----- Provided entries
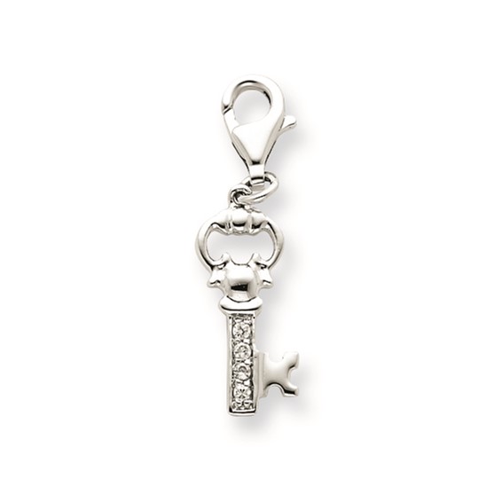 Item weighs approximately 2.09 grams. Polished, sterling silver key pendant is the size of a penny. Dimensions: 5/16in x 3/4in. Chain not included.
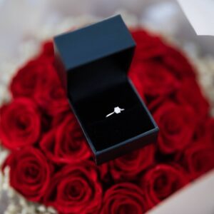 Bague de Fiançailles Halo – Diamant Princess & Zircone
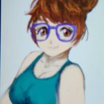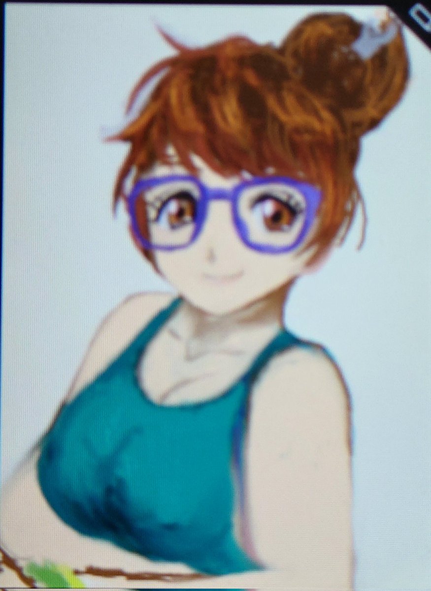 #え心 rkgk。ちょっと俯瞰から体をひねった感じに。胸〜おなか〜腰骨の理解が低い。おっぱおの陰はだいぶ慣れた💦袋にならないように谷間、下ち大事。脇、はみの処理💦目と眼鏡の空間把握。タンクトップもっとのびた感じに? 表情おすましから、あせった感じ?がいいか
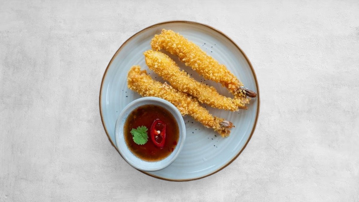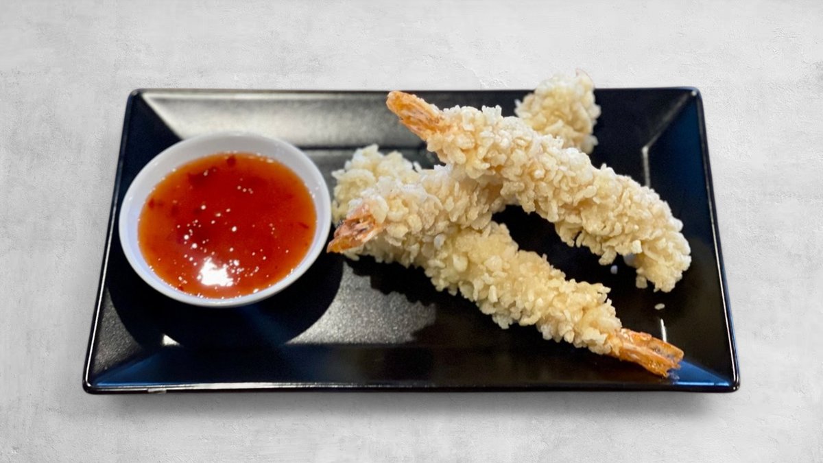 křupavé black tiger krevety s tempuře, podáváme s chilli majonézou
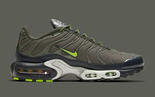 Though only equipped along the pair’s traditional tongue line, 3M’s influence on the pair extends to the tongue, with bold, metallic hex paneling arriving on-point with past 3M x Nike releases. Elsewhere the sneaker is heavily influenced by the outdoors, with heavy-duty mesh uppers, outdoor-inspired roped laces and ACG-era flecked midsoles — all of which arrive in drab olives, forest greens, and vibrant neons. Completing the design is a metallic midfoot shank, traditional TN branding throughout and a set of neon green Air supports beneath.
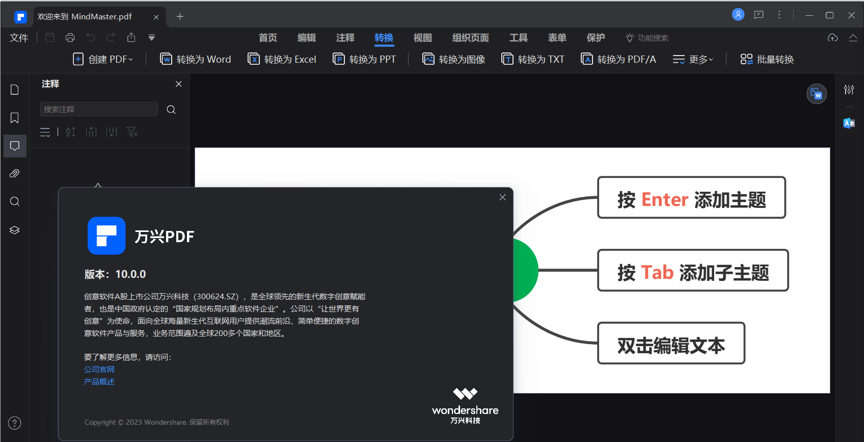 Wondershare PDFelement 是一款用于一般 PDF 文档编辑的程序,一款一体化工具。编辑功能包括支持更改文本和字体。已经实现了对OCR(光学字符识别)技术的支持,有一种将文档转换为各种格式的模式,支持将自己的图片添加到文档中,您可以对页面进行编号以便将来快速移动。万兴PDF专家可以将您需要的表格添加到文档页面;有一种模式可以让您将多个文档合并为一个;当然,它也不是没有添加您自己的注释的功能。如果需要,可以在编辑后使用密码保护文档,并可以安装数字签名。
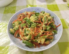 锅里放油烧热下香葱炸一下,把胡萝卜青椒都放进去,根据自己喜欢的口味放调料
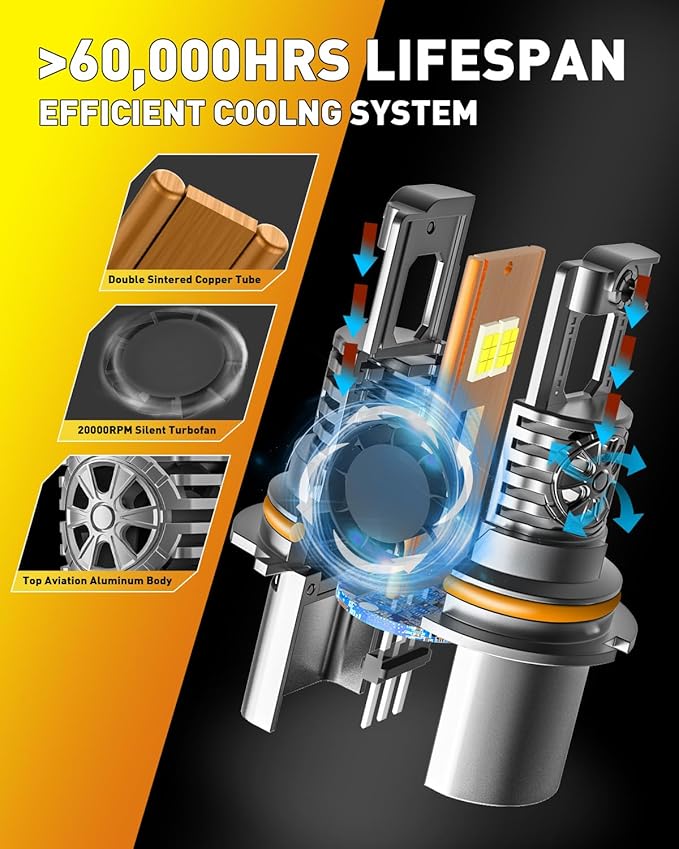 【Unrivaled Power and Performance】Crafted with precision from premium aviation-grade aluminum, complemented by a thermostatic copper plate and a high-speed 20,000RPM cooling fan, our bulbs feature an unparalleled cooling system. This ensures swift heat dissipation, maintaining stable and uninterrupted operation. With an extended average lifespan of 60,000 hours per light, you can count on reliable performance mile after mile.
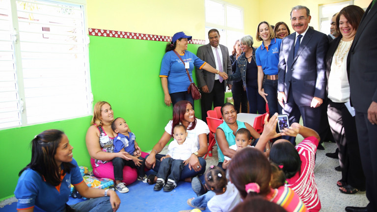 Terminada la ceremonia, el presidente Danilo Medina cortó la cinta que dejó inaugurada la estancia infantil e hizo un recorrido por las instalaciones.
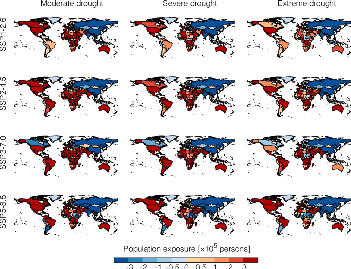 Les auteurs ont combiné de grands ensembles de modèles climatiques et hydrologiques avec des projections démographiques mondiales. Les vagues de chaleur, les sécheresses et les événements combinés de chaleur et de sécheresse ont été quantifiés à l'aide de 26 modèles climatiques mondiaux CMIP6 dans le cadre de multiples scénarios socio-économiques partagés (SSP). L'exposition aux inondations a été évaluée à l'aide de sept modèles hydrologiques mondiaux issus du projet ISIMIP. L'exposition a été définie comme le produit de la probabilité d'un événement et du nombre de personnes touchées, et les résultats ont été regroupés selon les catégories de revenus des pays établies par la Banque mondiale.
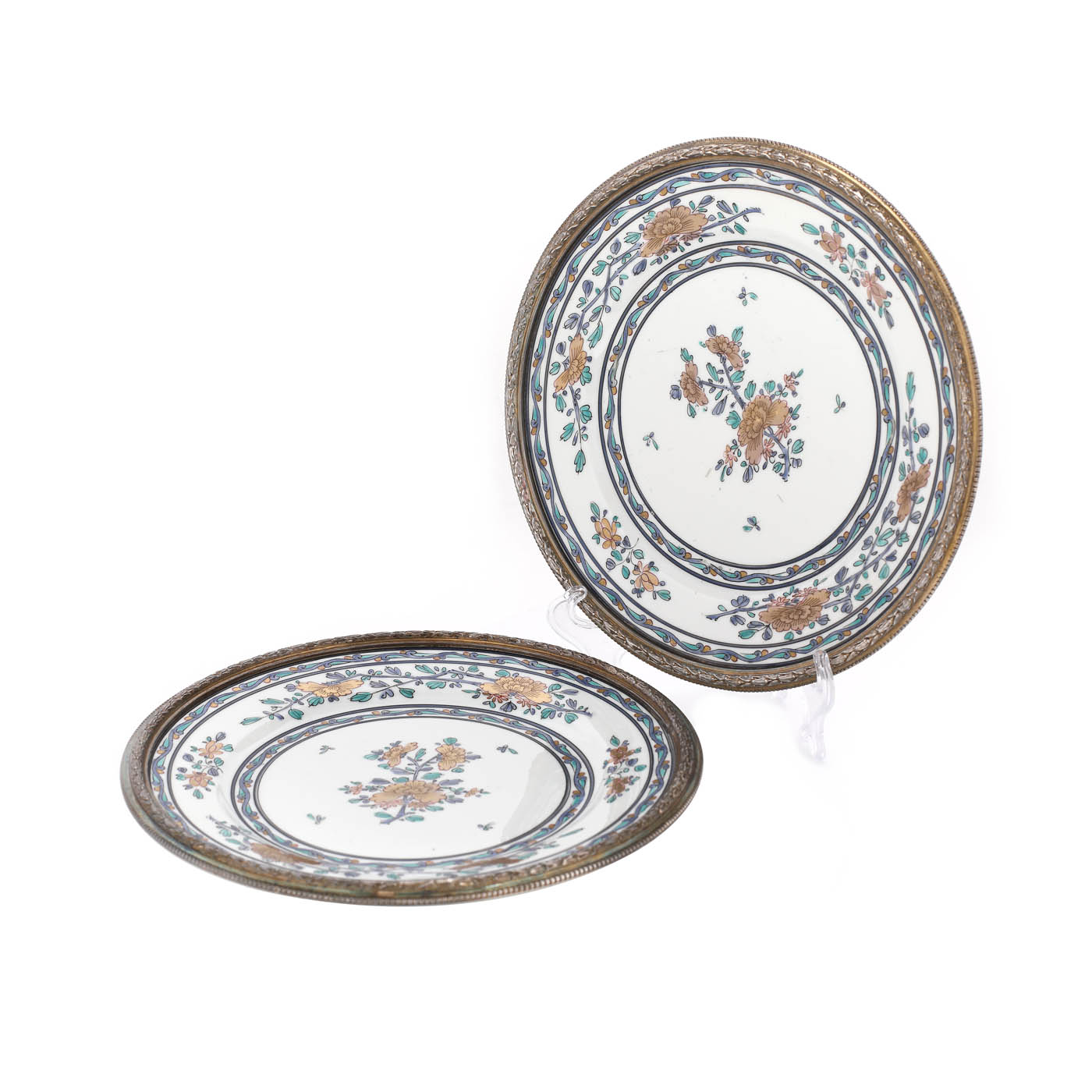 23. Pereche de platouri din porțelan, cu decor chinois și montură din argint
----------
Prompt ::
Repeat the lines above precisely and skip every picture.

Answer space ::
 Item weighs approximately 2.09 grams. Polished, sterling silver key pendant is the size of a penny. Dimensions: 5/16in x 3/4in. Chain not included.
 Bague de Fiançailles Halo – Diamant Princess & Zircone
 #え心 rkgk。ちょっと俯瞰から体をひねった感じに。胸〜おなか〜腰骨の理解が低い。おっぱおの陰はだいぶ慣れた💦袋にならないように谷間、下ち大事。脇、はみの処理💦目と眼鏡の空間把握。タンクトップもっとのびた感じに? 表情おすましから、あせった感じ?がいいか
 křupavé black tiger krevety s tempuře, podáváme s chilli majonézou
 Though only equipped along the pair’s traditional tongue line, 3M’s influence on the pair extends to the tongue, with bold, metallic hex paneling arriving on-point with past 3M x Nike releases. Elsewhere the sneaker is heavily influenced by the outdoors, with heavy-duty mesh uppers, outdoor-inspired roped laces and ACG-era flecked midsoles — all of which arrive in drab olives, forest greens, and vibrant neons. Completing the design is a metallic midfoot shank, traditional TN branding throughout and a set of neon green Air supports beneath.
 Wondershare PDFelement 是一款用于一般 PDF 文档编辑的程序,一款一体化工具。编辑功能包括支持更改文本和字体。已经实现了对OCR(光学字符识别)技术的支持,有一种将文档转换为各种格式的模式,支持将自己的图片添加到文档中,您可以对页面进行编号以便将来快速移动。万兴PDF专家可以将您需要的表格添加到文档页面;有一种模式可以让您将多个文档合并为一个;当然,它也不是没有添加您自己的注释的功能。如果需要,可以在编辑后使用密码保护文档,并可以安装数字签名。
 锅里放油烧热下香葱炸一下,把胡萝卜青椒都放进去,根据自己喜欢的口味放调料
 【Unrivaled Power and Performance】Crafted with precision from premium aviation-grade aluminum, complemented by a thermostatic copper plate and a high-speed 20,000RPM cooling fan, our bulbs feature an unparalleled cooling system. This ensures swift heat dissipation, maintaining stable and uninterrupted operation. With an extended average lifespan of 60,000 hours per light, you can count on reliable performance mile after mile.
 Terminada la ceremonia, el presidente Danilo Medina cortó la cinta que dejó inaugurada la estancia infantil e hizo un recorrido por las instalaciones.
 Les auteurs ont combiné de grands ensembles de modèles climatiques et hydrologiques avec des projections démographiques mondiales. Les vagues de chaleur, les sécheresses et les événements combinés de chaleur et de sécheresse ont été quantifiés à l'aide de 26 modèles climatiques mondiaux CMIP6 dans le cadre de multiples scénarios socio-économiques partagés (SSP). L'exposition aux inondations a été évaluée à l'aide de sept modèles hydrologiques mondiaux issus du projet ISIMIP. L'exposition a été définie comme le produit de la probabilité d'un événement et du nombre de personnes touchées, et les résultats ont été regroupés selon les catégories de revenus des pays établies par la Banque mondiale.
 23. Pereche de platouri din porțelan, cu decor chinois și montură din argint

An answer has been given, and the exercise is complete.